- **What is expected**
No pictures go into the copy. Write out exactly the lines below from the one containing "Trinity – playing" through the one containing "Den bløde og".

---

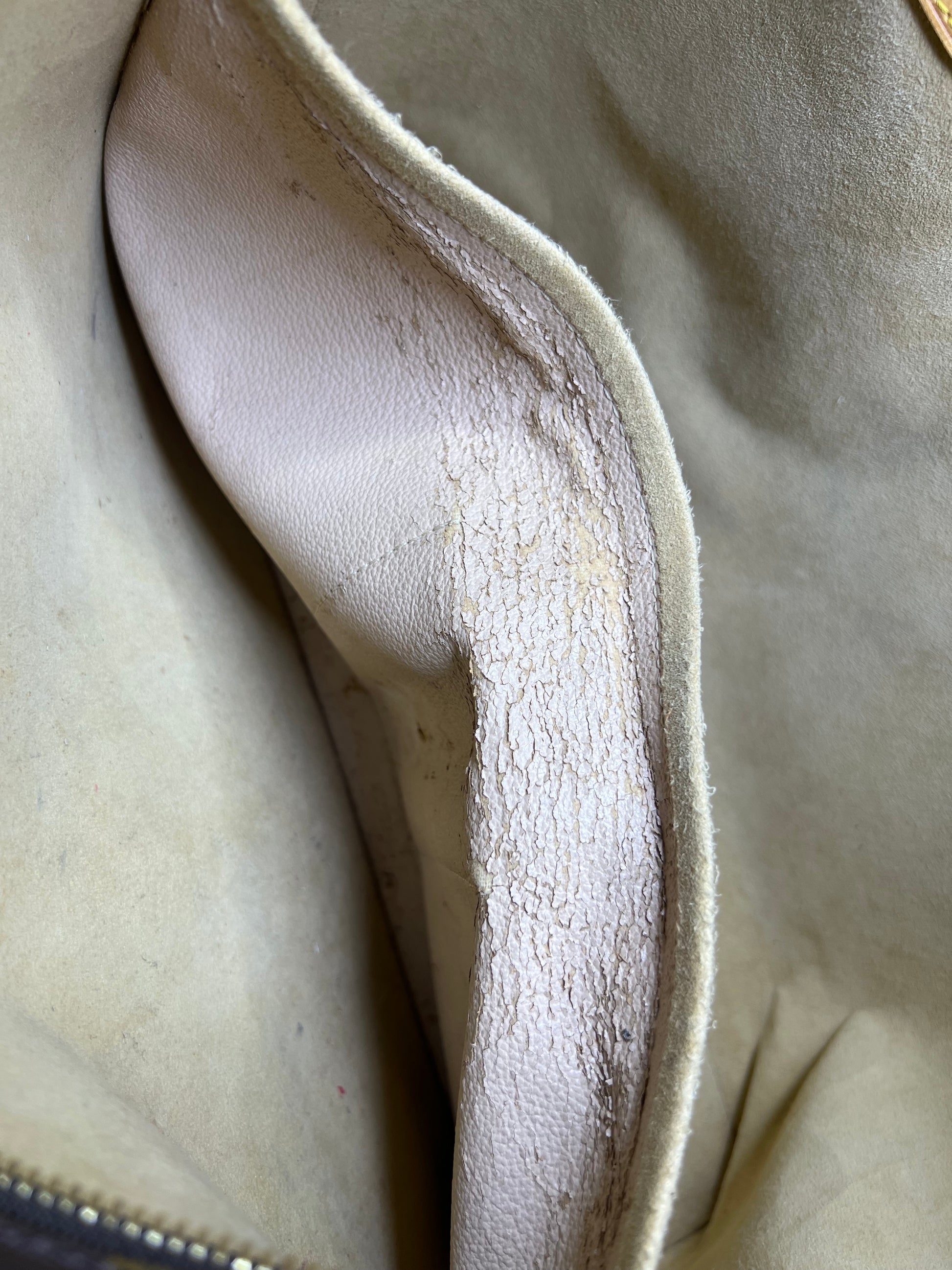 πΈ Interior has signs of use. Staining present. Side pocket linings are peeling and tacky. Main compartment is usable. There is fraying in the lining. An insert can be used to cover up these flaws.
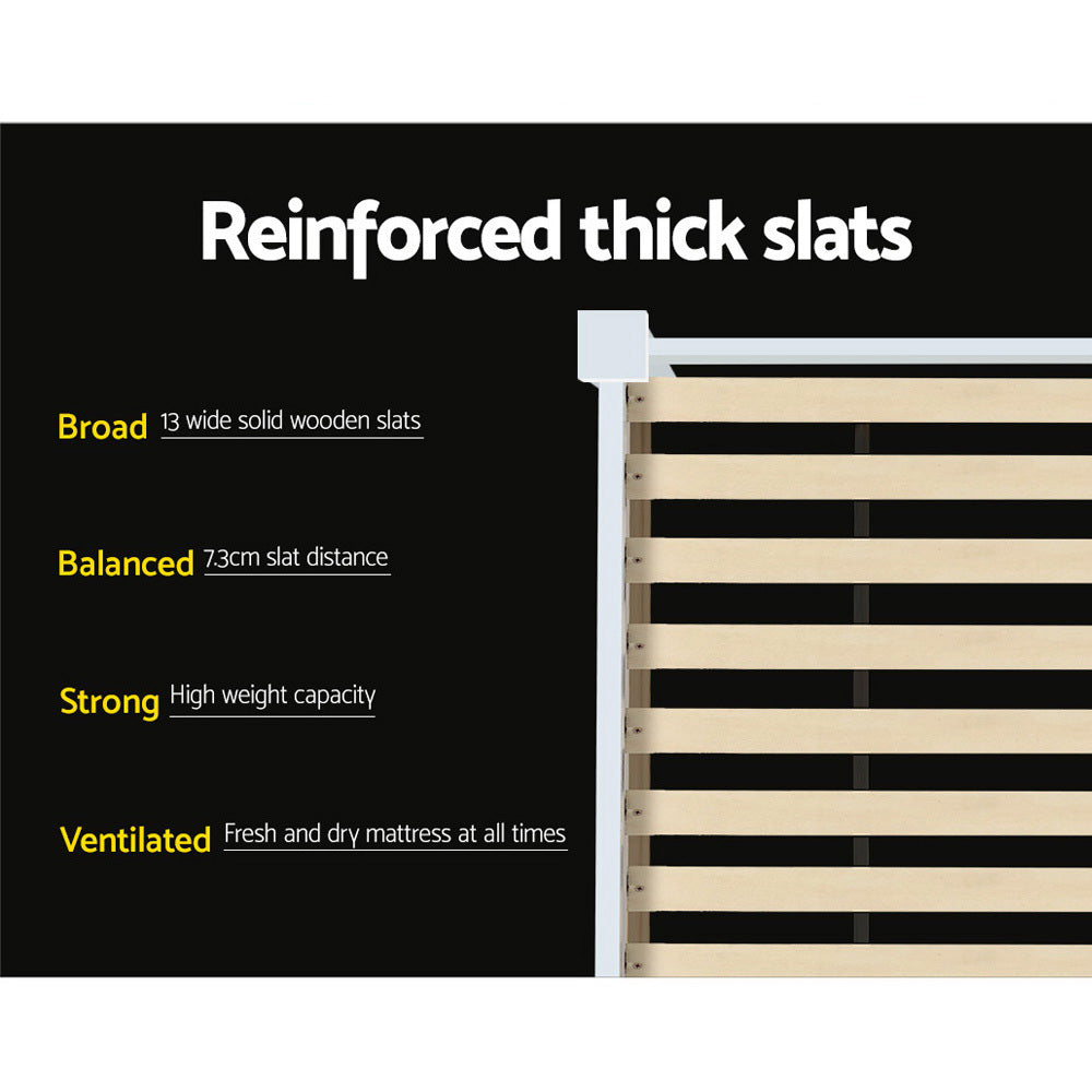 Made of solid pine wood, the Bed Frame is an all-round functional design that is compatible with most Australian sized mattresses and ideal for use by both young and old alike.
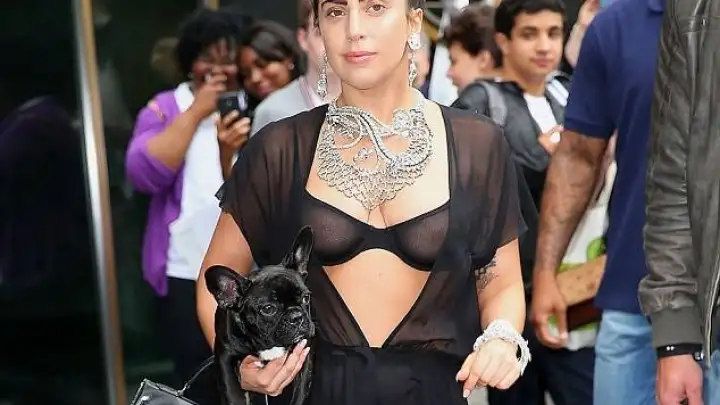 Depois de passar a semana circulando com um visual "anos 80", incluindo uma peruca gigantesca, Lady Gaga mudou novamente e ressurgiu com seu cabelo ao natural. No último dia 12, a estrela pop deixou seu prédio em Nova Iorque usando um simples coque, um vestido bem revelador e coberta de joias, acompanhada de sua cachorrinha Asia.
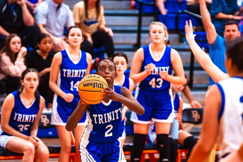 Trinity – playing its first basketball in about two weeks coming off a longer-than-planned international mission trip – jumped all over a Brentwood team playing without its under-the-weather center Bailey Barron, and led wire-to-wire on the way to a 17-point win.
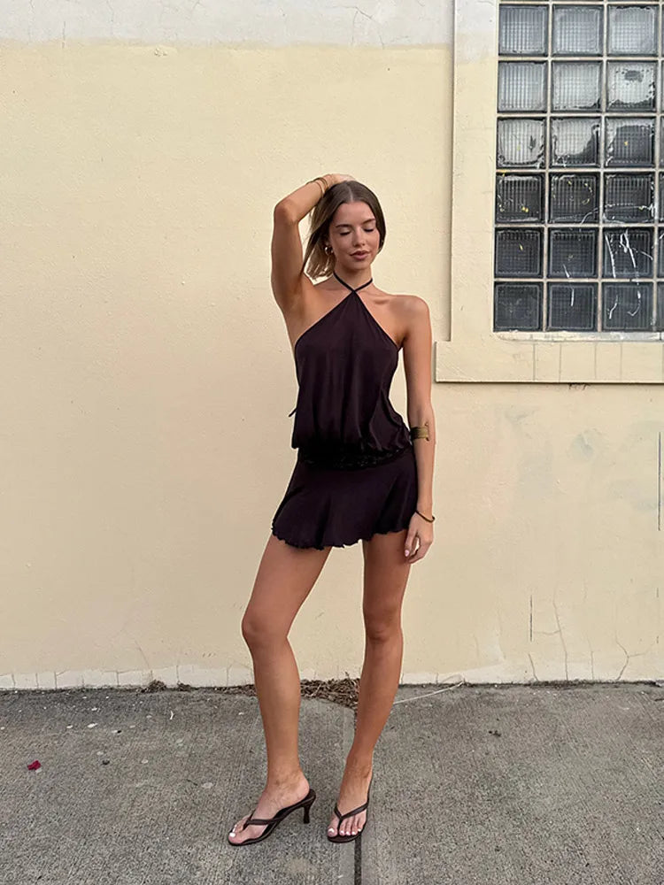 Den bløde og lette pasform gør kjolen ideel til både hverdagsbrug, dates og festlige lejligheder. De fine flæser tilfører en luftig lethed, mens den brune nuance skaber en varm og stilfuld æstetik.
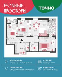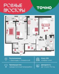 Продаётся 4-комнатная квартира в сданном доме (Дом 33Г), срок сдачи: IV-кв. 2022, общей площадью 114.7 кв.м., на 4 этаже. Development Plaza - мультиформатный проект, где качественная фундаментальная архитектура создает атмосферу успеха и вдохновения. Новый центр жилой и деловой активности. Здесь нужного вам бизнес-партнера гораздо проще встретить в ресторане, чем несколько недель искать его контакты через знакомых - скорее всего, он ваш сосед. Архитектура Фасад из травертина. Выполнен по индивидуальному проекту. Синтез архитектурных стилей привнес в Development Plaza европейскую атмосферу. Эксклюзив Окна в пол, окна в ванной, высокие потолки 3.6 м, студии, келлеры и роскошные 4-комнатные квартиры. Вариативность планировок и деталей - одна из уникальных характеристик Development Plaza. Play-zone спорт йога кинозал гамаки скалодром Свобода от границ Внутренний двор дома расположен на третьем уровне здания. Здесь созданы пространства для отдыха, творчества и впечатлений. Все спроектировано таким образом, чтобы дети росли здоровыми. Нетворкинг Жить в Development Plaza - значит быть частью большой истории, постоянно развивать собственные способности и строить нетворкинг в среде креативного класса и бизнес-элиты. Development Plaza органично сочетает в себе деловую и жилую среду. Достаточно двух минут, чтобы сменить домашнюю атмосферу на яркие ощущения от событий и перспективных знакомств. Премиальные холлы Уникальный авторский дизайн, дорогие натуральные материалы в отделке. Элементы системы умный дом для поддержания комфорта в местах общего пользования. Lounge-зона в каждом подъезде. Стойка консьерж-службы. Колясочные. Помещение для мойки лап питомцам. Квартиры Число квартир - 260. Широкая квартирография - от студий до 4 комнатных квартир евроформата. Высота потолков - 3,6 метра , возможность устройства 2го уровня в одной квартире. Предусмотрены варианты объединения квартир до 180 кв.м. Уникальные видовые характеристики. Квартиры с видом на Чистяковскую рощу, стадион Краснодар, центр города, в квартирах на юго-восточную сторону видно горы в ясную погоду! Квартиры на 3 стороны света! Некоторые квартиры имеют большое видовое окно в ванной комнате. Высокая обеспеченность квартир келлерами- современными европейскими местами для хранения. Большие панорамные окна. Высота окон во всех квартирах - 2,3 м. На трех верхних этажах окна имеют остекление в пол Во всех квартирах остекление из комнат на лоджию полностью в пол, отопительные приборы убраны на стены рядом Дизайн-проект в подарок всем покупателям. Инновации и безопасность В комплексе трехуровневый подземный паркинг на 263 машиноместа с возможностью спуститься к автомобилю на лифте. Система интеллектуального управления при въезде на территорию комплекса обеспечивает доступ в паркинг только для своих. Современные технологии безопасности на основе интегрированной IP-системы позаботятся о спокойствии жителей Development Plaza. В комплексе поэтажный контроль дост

---

- **Answer box**
 Trinity – playing its first basketball in about two weeks coming off a longer-than-planned international mission trip – jumped all over a Brentwood team playing without its under-the-weather center Bailey Barron, and led wire-to-wire on the way to a 17-point win.
 Den bløde og lette pasform gør kjolen ideel til både hverdagsbrug, dates og festlige lejligheder. De fine flæser tilfører en luftig lethed, mens den brune nuance skaber en varm og stilfuld æstetik.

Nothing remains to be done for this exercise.